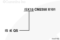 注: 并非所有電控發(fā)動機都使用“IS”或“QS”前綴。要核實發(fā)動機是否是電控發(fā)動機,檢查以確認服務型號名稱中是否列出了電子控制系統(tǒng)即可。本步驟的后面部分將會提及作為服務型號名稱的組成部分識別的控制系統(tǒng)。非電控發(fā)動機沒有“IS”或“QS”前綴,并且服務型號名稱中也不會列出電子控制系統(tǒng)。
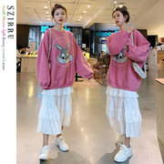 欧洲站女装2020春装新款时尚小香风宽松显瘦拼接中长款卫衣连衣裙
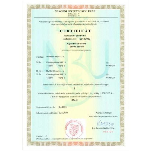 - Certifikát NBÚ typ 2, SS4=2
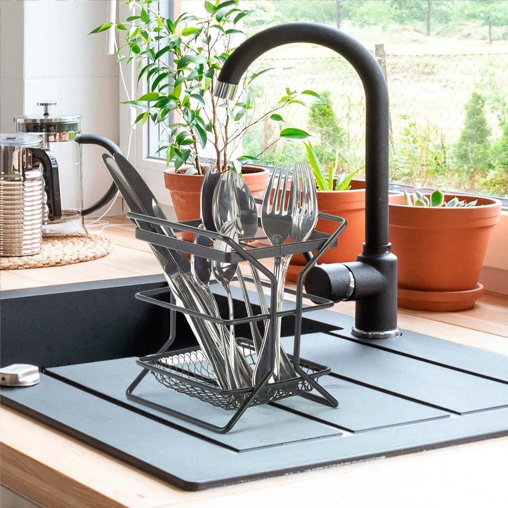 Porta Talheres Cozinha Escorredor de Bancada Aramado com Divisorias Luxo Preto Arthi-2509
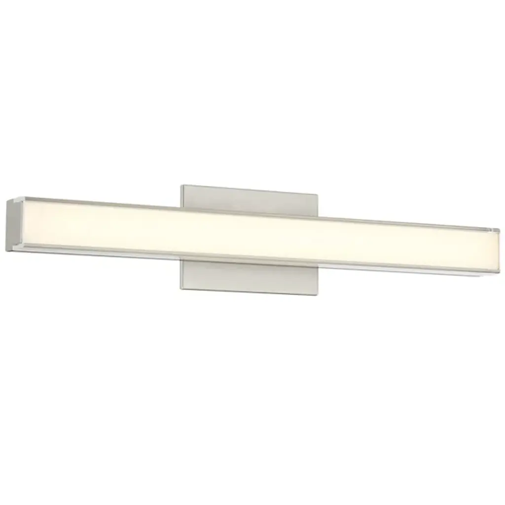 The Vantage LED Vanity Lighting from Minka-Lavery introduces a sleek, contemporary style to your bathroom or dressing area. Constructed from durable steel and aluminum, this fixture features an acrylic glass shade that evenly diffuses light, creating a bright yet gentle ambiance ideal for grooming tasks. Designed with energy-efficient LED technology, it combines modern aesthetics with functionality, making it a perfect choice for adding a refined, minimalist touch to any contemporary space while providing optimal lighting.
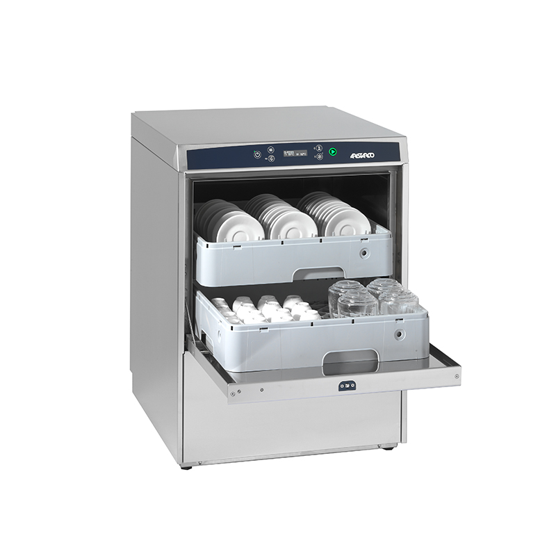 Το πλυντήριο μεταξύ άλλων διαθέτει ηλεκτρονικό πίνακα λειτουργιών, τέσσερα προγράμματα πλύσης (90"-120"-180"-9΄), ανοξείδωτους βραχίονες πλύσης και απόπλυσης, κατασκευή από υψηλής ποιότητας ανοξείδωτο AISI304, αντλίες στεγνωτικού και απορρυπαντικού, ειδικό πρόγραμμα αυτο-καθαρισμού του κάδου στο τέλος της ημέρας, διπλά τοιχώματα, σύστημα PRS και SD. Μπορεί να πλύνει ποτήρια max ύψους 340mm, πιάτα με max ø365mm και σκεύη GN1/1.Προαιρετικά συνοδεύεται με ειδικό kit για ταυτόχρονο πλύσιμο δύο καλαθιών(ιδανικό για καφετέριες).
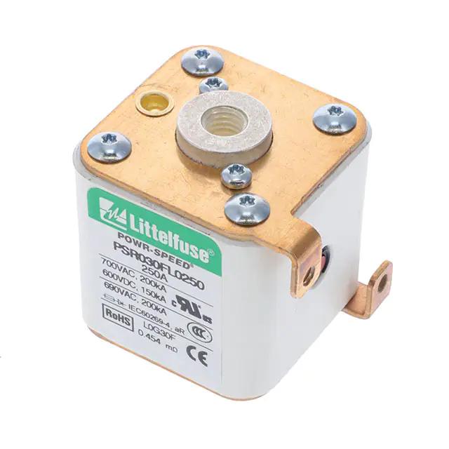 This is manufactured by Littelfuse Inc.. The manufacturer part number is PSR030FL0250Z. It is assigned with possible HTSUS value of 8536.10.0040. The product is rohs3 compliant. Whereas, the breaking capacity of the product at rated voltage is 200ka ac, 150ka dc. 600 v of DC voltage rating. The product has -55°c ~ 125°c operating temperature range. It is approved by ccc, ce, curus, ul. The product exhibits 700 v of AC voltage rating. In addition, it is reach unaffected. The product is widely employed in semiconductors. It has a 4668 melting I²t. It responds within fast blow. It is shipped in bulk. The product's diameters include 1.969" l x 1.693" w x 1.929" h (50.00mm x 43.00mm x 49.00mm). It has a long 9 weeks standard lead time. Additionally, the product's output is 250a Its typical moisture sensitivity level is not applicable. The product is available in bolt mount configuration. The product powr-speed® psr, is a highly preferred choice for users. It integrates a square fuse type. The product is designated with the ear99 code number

==

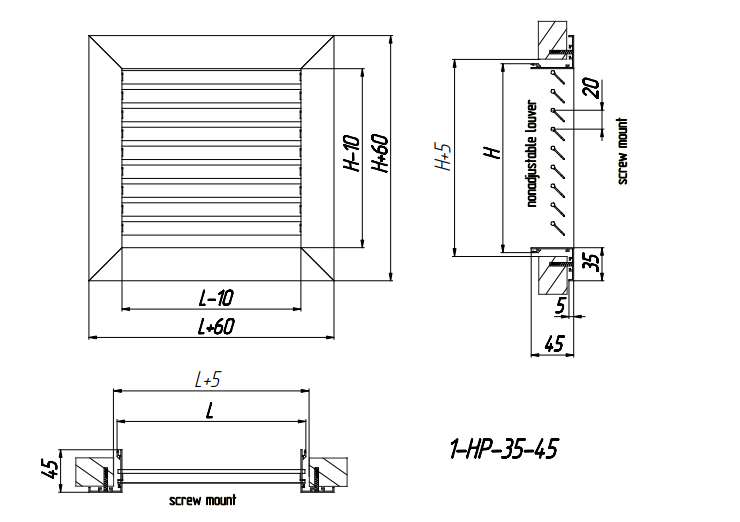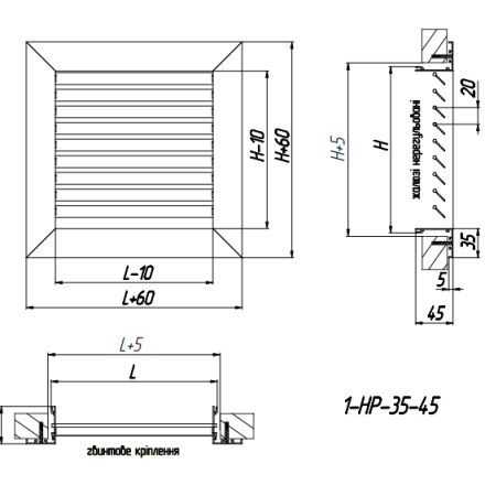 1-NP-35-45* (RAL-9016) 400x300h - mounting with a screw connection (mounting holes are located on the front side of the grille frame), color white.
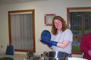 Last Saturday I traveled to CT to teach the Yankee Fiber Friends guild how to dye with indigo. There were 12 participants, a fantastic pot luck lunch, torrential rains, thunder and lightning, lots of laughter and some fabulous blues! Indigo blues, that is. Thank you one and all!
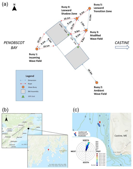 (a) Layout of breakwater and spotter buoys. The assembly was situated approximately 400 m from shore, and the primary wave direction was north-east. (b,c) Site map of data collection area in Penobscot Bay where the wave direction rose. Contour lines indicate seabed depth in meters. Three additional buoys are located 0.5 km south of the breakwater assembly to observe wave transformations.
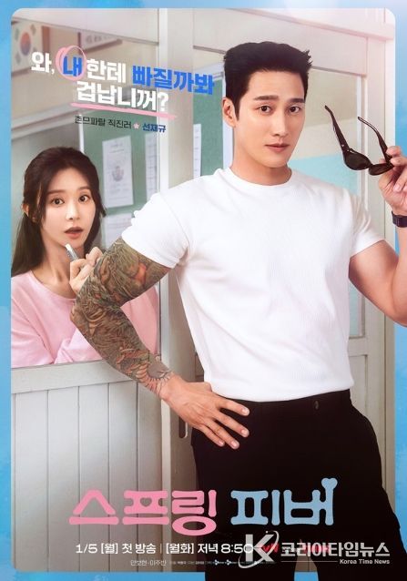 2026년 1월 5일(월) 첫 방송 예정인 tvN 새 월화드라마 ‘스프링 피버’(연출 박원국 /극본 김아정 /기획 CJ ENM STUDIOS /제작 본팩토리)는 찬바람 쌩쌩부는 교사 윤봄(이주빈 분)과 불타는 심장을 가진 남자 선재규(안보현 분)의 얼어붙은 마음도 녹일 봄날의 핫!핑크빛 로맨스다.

Assignment: An exact copy is needed of the stretch above that opens with the line containing "(a) Layout of" and closes with the line containing "2026년 1월 5일(월)"; the pictures are not part of it.

The answer:
 (a) Layout of breakwater and spotter buoys. The assembly was situated approximately 400 m from shore, and the primary wave direction was north-east. (b,c) Site map of data collection area in Penobscot Bay where the wave direction rose. Contour lines indicate seabed depth in meters. Three additional buoys are located 0.5 km south of the breakwater assembly to observe wave transformations.
 2026년 1월 5일(월) 첫 방송 예정인 tvN 새 월화드라마 ‘스프링 피버’(연출 박원국 /극본 김아정 /기획 CJ ENM STUDIOS /제작 본팩토리)는 찬바람 쌩쌩부는 교사 윤봄(이주빈 분)과 불타는 심장을 가진 남자 선재규(안보현 분)의 얼어붙은 마음도 녹일 봄날의 핫!핑크빛 로맨스다.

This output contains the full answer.